---- THE DATA

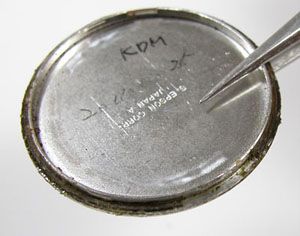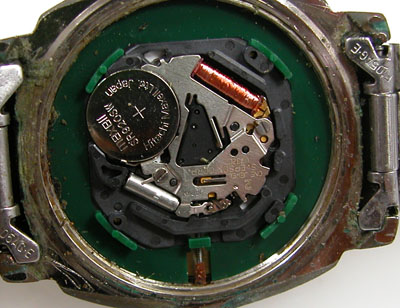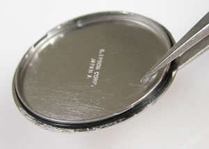 綺麗になったケースにムーブメントを戻して電池格納部をチェックします。
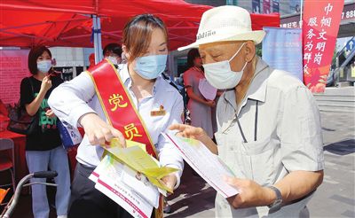 7月13日上午,天津市和平區濱江道樂(le) 賓百貨門前,市第十二次黨(dang) 代會(hui) 精神宣講展位彩旗招展,群眾(zhong) 絡繹不絕。來自衛健、科技、政法、交通、公共服務、社會(hui) 組織等方麵50多個(ge) 各級各類的為(wei) 民服務窗口型“巾幗文明崗”“巾幗建功先進集體(ti) ”誌願者齊聚,以學習(xi) 宣傳(chuan) 貫徹市第十二次黨(dang) 代會(hui) 精神暨“迎盛會(hui) 、鑄忠誠、強擔當、創業(ye) 績”巾幗文明崗為(wei) 群眾(zhong) 服務活動為(wei) 主題,開展多項便民服務。
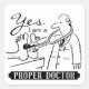 Funny Doctor stickers. Fun Cartoon Illustration Design shows a doctor examining a patient's feet with his stethoscope! The wording reads, "Yes I am a Proper Doctor"!
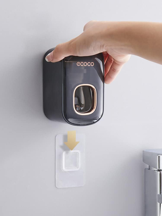 Τοποθετείται εύκολα στον τοίχο με αυτοκόλλητη βάση η οποία αποσπάται από τον διανεμητή. Με τον διανεμητή θα βάλετε εύκολα οδοντόκρεμα στην οδοντόβουρτσα σας, σπρώχνοντας την οδοντόβουρτσα στην ειδική εσοχή του διανεμητή.
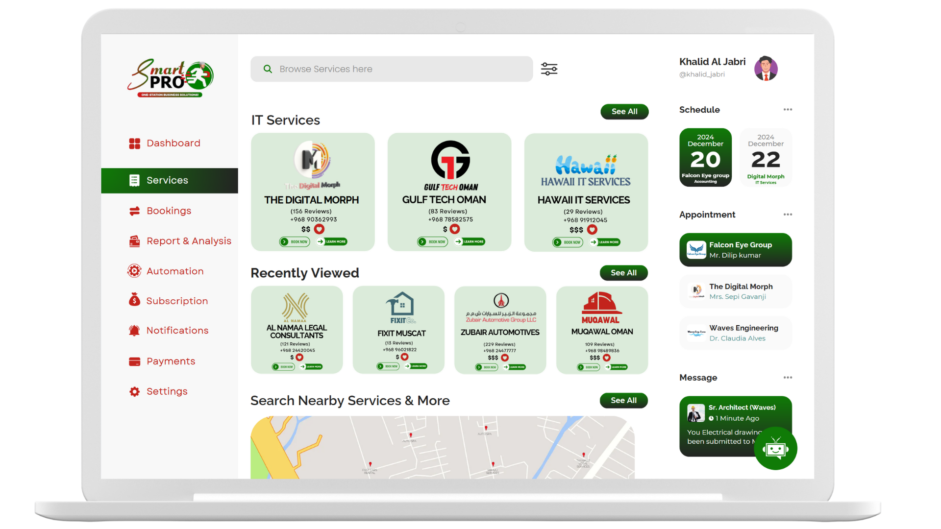Businesses in the GCC face fragmented service discovery, inefficient manual workflows, and a lack of data-driven insights. Smart PRO HUB directly solves these pain points by offering a unified, intelligent, and secure ecosystem:
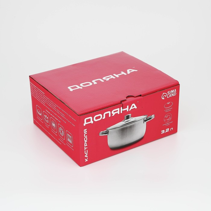 Кастрюля из нержавеющей стали Доляна «Гретте», 3,2 л, d=20 см, с крышкой, капсульное дно, индукция
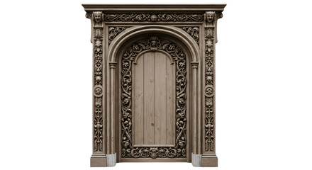 Ornate carved wooden door with elaborate baroque decorative frame and archway
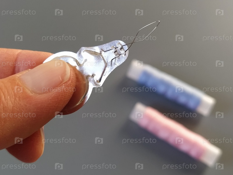 Приспособление для протягивания нити в игольное ушко. Бобины с голубыми и розовыми нитками на заднем плане. Женщина держит в руке нитевдеватель и показывает его тонкое проволочное ушко
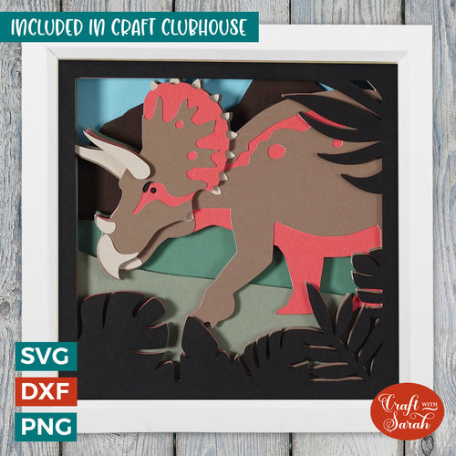 Triceratops SVG | Layered Dinosaur Shadow Box SVG
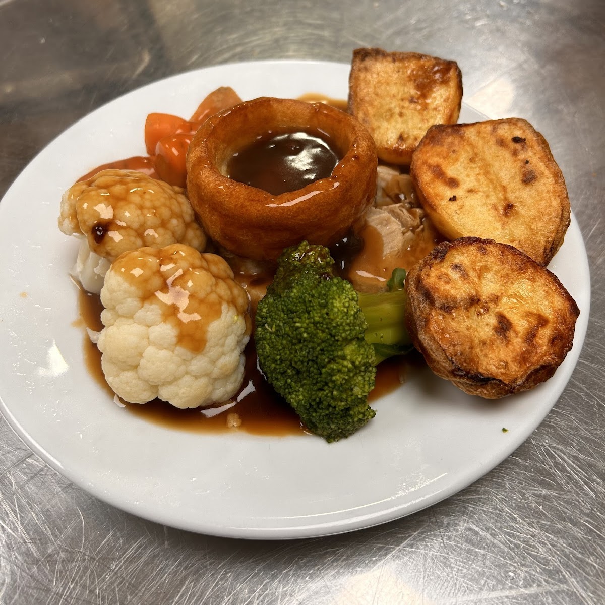 Roast pork roast potatoes selection of fresh vegetables Yorkshire pudding followed by jam sponge & custard £8.50
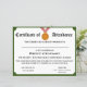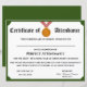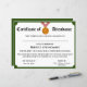 El diseño presenta un guarnecido rojo con la imagen de una cinta galardonada con una medalla de oro en el centro superior. El título se muestra en el tipo de letra tradicional de un certificado. Todo el texto es personalizable. El color posterior coincide con el del guarnecido delantero. Los colores disponibles son rojo, dorado, verde y azul.
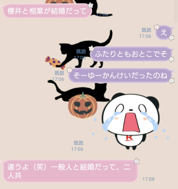 我:不是啦(笑),据说他们两个人都和圈外人结婚啦。
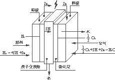 在陽極經(jīng)過質(zhì)子交換膜和催化劑的作用,其化學過程為:
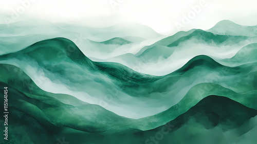 Rolling hills of emerald green grass on zephyr's gentle terrain, planet, water, clouds. Zephyrous. Illustration
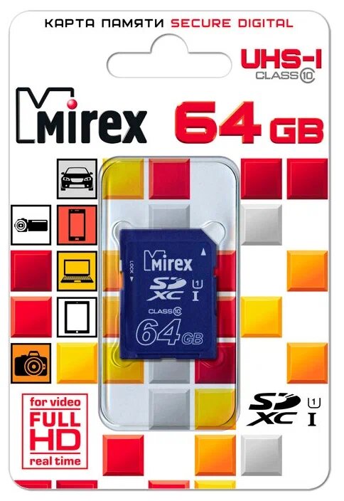 Карта памяти SDXC Mirex 64 Гб класс 10 UHS-I Secure Digital flash card
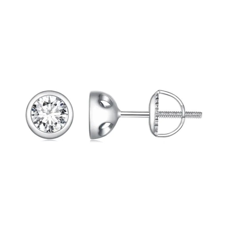 Pandora-stijl Oorringen met Bezel-gezette Moissanite Studs - MSE026
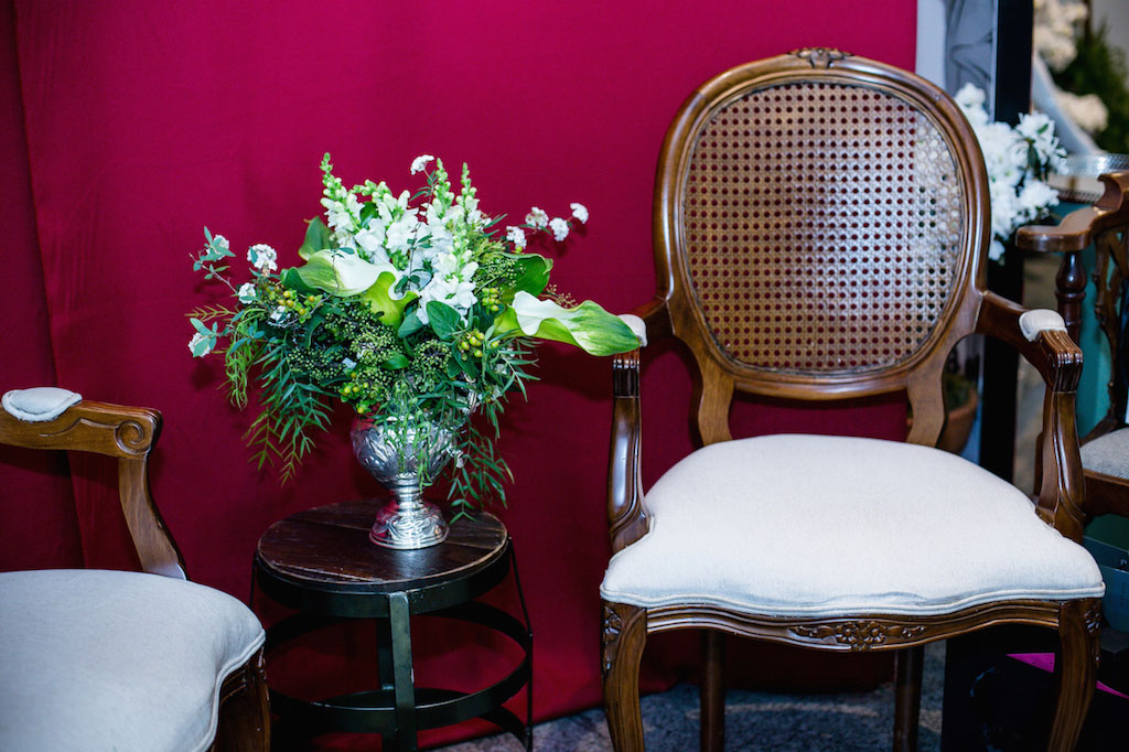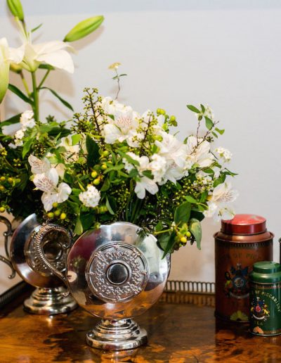 Cada convidada recebeu uma cesta com meias italianas, flores da estação, sachês de chá inglês e um kit de costura e espelho para maquiagem.
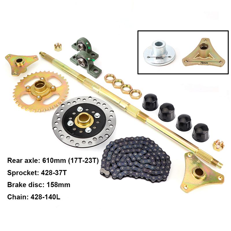 610mm Rear Axle Kit 428-37T Sprocket 158mm Brake Disc 140L Chain For DIY 49 50 70 90 110cc Electric Kids ATV Go kart Quad Buggy
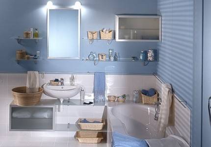 Однако если вы даже выбрали такой качественный материал, то все равно он не подойдет для мест, на которые непосредственно попадает вода: область над раковиной, области по всему периметру ванной. Эти места придется закрыть другим отделочным материалом, в тон к обоям.
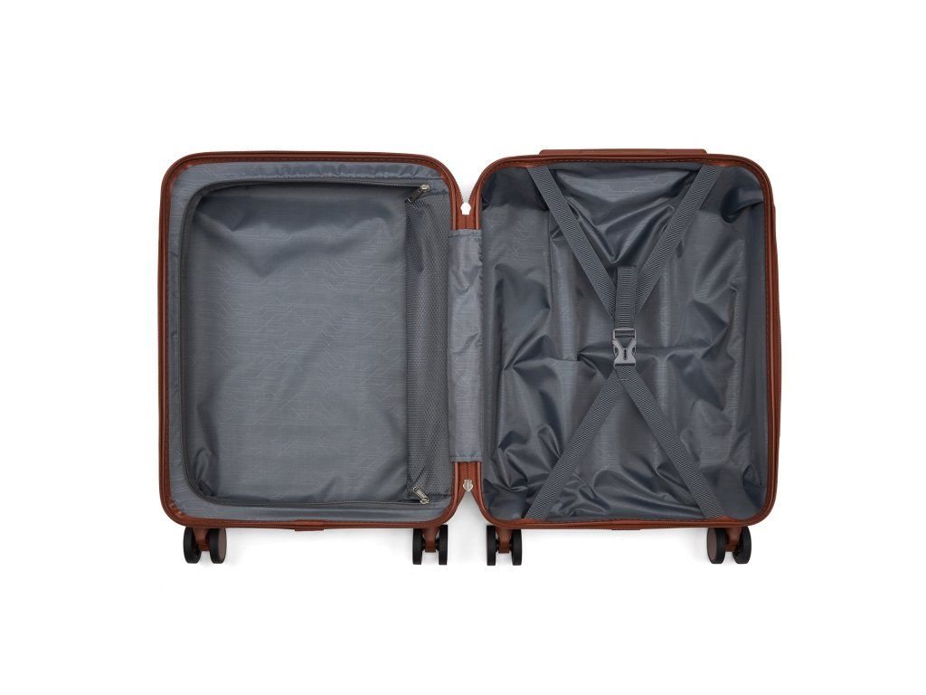 Elegantní horizontální linie v kombinaci s hnědými detaily dodávají kufru sofistikovaný vzhled. Teleskopická rukojeť z pevného kovu je nastavitelná podle výšky postavy, což zaručuje maximální komfort při přesunu.
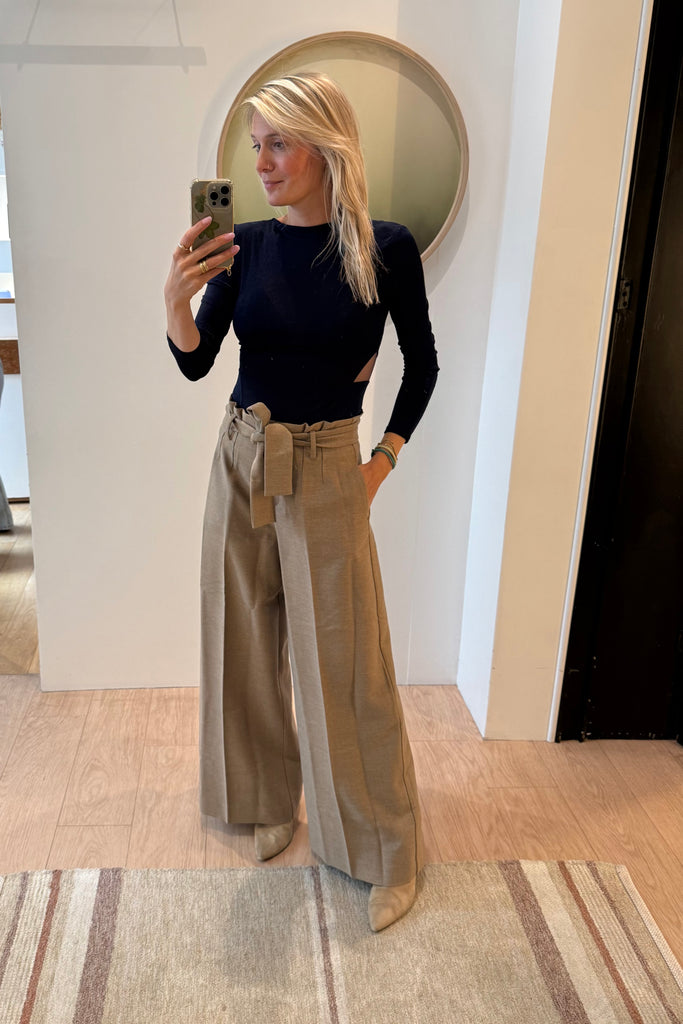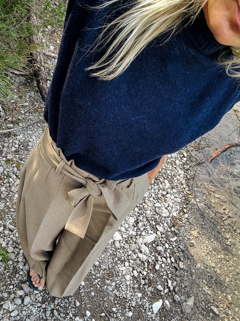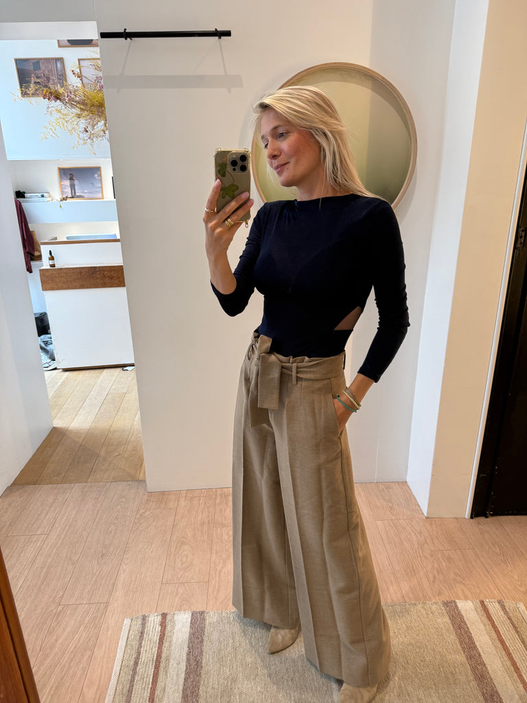 The JEANNE trousers elongate the silhouette with fluidity and precision. Its straight cut and wide structure the look while offering a beautiful freedom of movement. The high waist is marked by a removable belt to tie, naturally highlighting the curves. Darts at the front bring a "suit" touch to the trousers. An essential of the wardrobe, to wear with a satin blouse as well as a sweater.
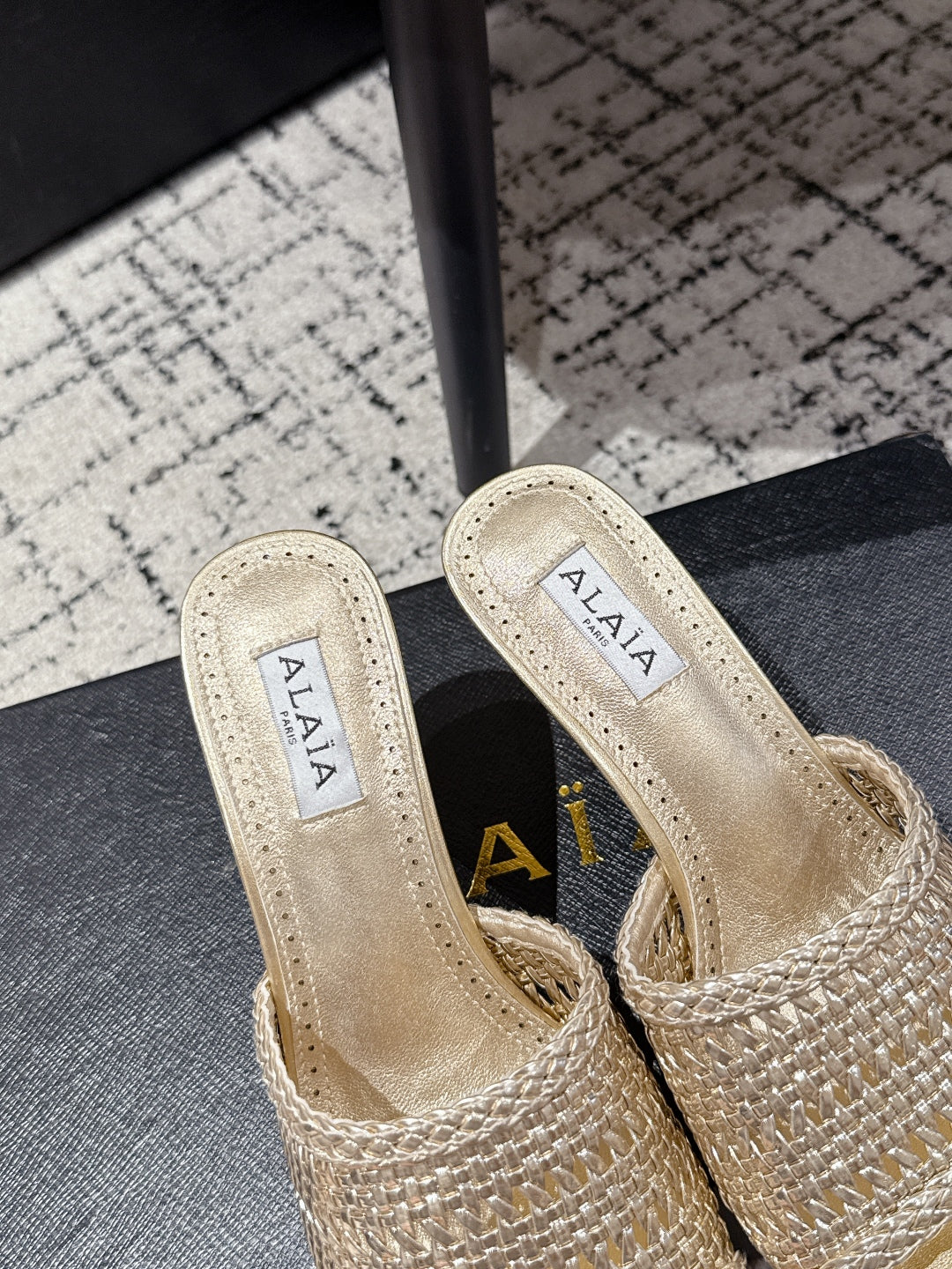 Alaia 25 Flower Slippers Gold Sheepskin 293162

--------

• DIRECTIONS FOR THIS TASK
Repeat the data above exactly, but not the pictures.

• RESPONSE AREA
 綺麗になったケースにムーブメントを戻して電池格納部をチェックします。
 7月13日上午,天津市和平區濱江道樂(le) 賓百貨門前,市第十二次黨(dang) 代會(hui) 精神宣講展位彩旗招展,群眾(zhong) 絡繹不絕。來自衛健、科技、政法、交通、公共服務、社會(hui) 組織等方麵50多個(ge) 各級各類的為(wei) 民服務窗口型“巾幗文明崗”“巾幗建功先進集體(ti) ”誌願者齊聚,以學習(xi) 宣傳(chuan) 貫徹市第十二次黨(dang) 代會(hui) 精神暨“迎盛會(hui) 、鑄忠誠、強擔當、創業(ye) 績”巾幗文明崗為(wei) 群眾(zhong) 服務活動為(wei) 主題,開展多項便民服務。
 Funny Doctor stickers. Fun Cartoon Illustration Design shows a doctor examining a patient's feet with his stethoscope! The wording reads, "Yes I am a Proper Doctor"!
 Τοποθετείται εύκολα στον τοίχο με αυτοκόλλητη βάση η οποία αποσπάται από τον διανεμητή. Με τον διανεμητή θα βάλετε εύκολα οδοντόκρεμα στην οδοντόβουρτσα σας, σπρώχνοντας την οδοντόβουρτσα στην ειδική εσοχή του διανεμητή.
Businesses in the GCC face fragmented service discovery, inefficient manual workflows, and a lack of data-driven insights. Smart PRO HUB directly solves these pain points by offering a unified, intelligent, and secure ecosystem:
 Кастрюля из нержавеющей стали Доляна «Гретте», 3,2 л, d=20 см, с крышкой, капсульное дно, индукция
 Ornate carved wooden door with elaborate baroque decorative frame and archway
 Приспособление для протягивания нити в игольное ушко. Бобины с голубыми и розовыми нитками на заднем плане. Женщина держит в руке нитевдеватель и показывает его тонкое проволочное ушко
 Triceratops SVG | Layered Dinosaur Shadow Box SVG
 Roast pork roast potatoes selection of fresh vegetables Yorkshire pudding followed by jam sponge & custard £8.50
 El diseño presenta un guarnecido rojo con la imagen de una cinta galardonada con una medalla de oro en el centro superior. El título se muestra en el tipo de letra tradicional de un certificado. Todo el texto es personalizable. El color posterior coincide con el del guarnecido delantero. Los colores disponibles son rojo, dorado, verde y azul.
 我:不是啦(笑),据说他们两个人都和圈外人结婚啦。
 在陽極經(jīng)過質(zhì)子交換膜和催化劑的作用,其化學過程為:
 Rolling hills of emerald green grass on zephyr's gentle terrain, planet, water, clouds. Zephyrous. Illustration
 Карта памяти SDXC Mirex 64 Гб класс 10 UHS-I Secure Digital flash card
 Pandora-stijl Oorringen met Bezel-gezette Moissanite Studs - MSE026
 Cada convidada recebeu uma cesta com meias italianas, flores da estação, sachês de chá inglês e um kit de costura e espelho para maquiagem.
 610mm Rear Axle Kit 428-37T Sprocket 158mm Brake Disc 140L Chain For DIY 49 50 70 90 110cc Electric Kids ATV Go kart Quad Buggy
 Однако если вы даже выбрали такой качественный материал, то все равно он не подойдет для мест, на которые непосредственно попадает вода: область над раковиной, области по всему периметру ванной. Эти места придется закрыть другим отделочным материалом, в тон к обоям.
 Elegantní horizontální linie v kombinaci s hnědými detaily dodávají kufru sofistikovaný vzhled. Teleskopická rukojeť z pevného kovu je nastavitelná podle výšky postavy, což zaručuje maximální komfort při přesunu.
 The JEANNE trousers elongate the silhouette with fluidity and precision. Its straight cut and wide structure the look while offering a beautiful freedom of movement. The high waist is marked by a removable belt to tie, naturally highlighting the curves. Darts at the front bring a "suit" touch to the trousers. An essential of the wardrobe, to wear with a satin blouse as well as a sweater.
 Alaia 25 Flower Slippers Gold Sheepskin 293162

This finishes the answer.